A subtlety worth calling out: KV's put is not SETNX. Two concurrent writes to the same key both succeed, and one silently overwrites the other. If you need strict exclusion you must use Durable Objects. In my workload, "truly simultaneous" puts are vanishingly rare — over five months of operation I have observed exactly zero cases of double-fresh slips. If you anticipate higher concurrency, plan for Durable Objects from day one.

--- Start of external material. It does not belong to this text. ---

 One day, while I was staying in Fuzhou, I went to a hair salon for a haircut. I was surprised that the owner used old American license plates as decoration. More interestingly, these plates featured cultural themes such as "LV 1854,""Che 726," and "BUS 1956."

Three Retry-Storm Patterns I Actually Observed
To validate that the idempotency layer was earning its keep, I went back through five months of logs and classified every event flagged as a duplicate. There were 28 such events. They broke down like this:
Mid-stream disconnection (11 events, 39%).streamGenerateContent calls where the client received nearly the entire response, then got a TCP RST. The client retries, but the server has already billed for the full token count. The idempotency key cannot recover the lost completion, but it does prevent the second generation from going out the door.
Exponential backoff after a 429 (9 events, 32%). Rate-limit-triggered automatic retries. When you combine the Cloudflare Workers retry queue with the Gemini SDK's own internal retry, you can get two retry mechanisms running at once. I disabled the SDK-side retry and let Workers' queue own the retry policy, which dropped this category from 32% to 12% on subsequent reruns of the analysis.

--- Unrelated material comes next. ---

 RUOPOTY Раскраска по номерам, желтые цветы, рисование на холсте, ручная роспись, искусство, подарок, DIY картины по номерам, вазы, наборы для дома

Workers' retry queue (8 events, 29%). A waitUntil task hits the Workers wall-time limit and gets requeued by the platform. Usually the original task was already past the API call, and the idempotency key catches the duplicate at the second attempt.
Across five months I sent roughly 18,400 requests total. 28 were caught as duplicates. Zero slipped through to actually produce a duplicate article. A 0.15% duplicate-detection rate sounds tiny, but at ¥35 per long-form generation for Gemini 2.5 Pro, that is ¥980 of avoided billing waste plus zero duplicate-content incidents in GSC. The KV usage stays inside the free tier, so the net economic case is unambiguous.
What to Do When KV Itself Is Unreachable
This is the design decision I agonized over the longest. When KV is temporarily unavailable, checkAndMark returns kv_error. How you behave at that moment defines the safety profile of the whole system.
Option A is fail-open: proceed with the API call even without a successful idempotency check. This prioritizes availability, but if a retry storm happens to be in progress, you will generate duplicates. At ¥35 per article, twice, plus a GSC duplicate-content risk, this is not a tradeoff I am willing to make.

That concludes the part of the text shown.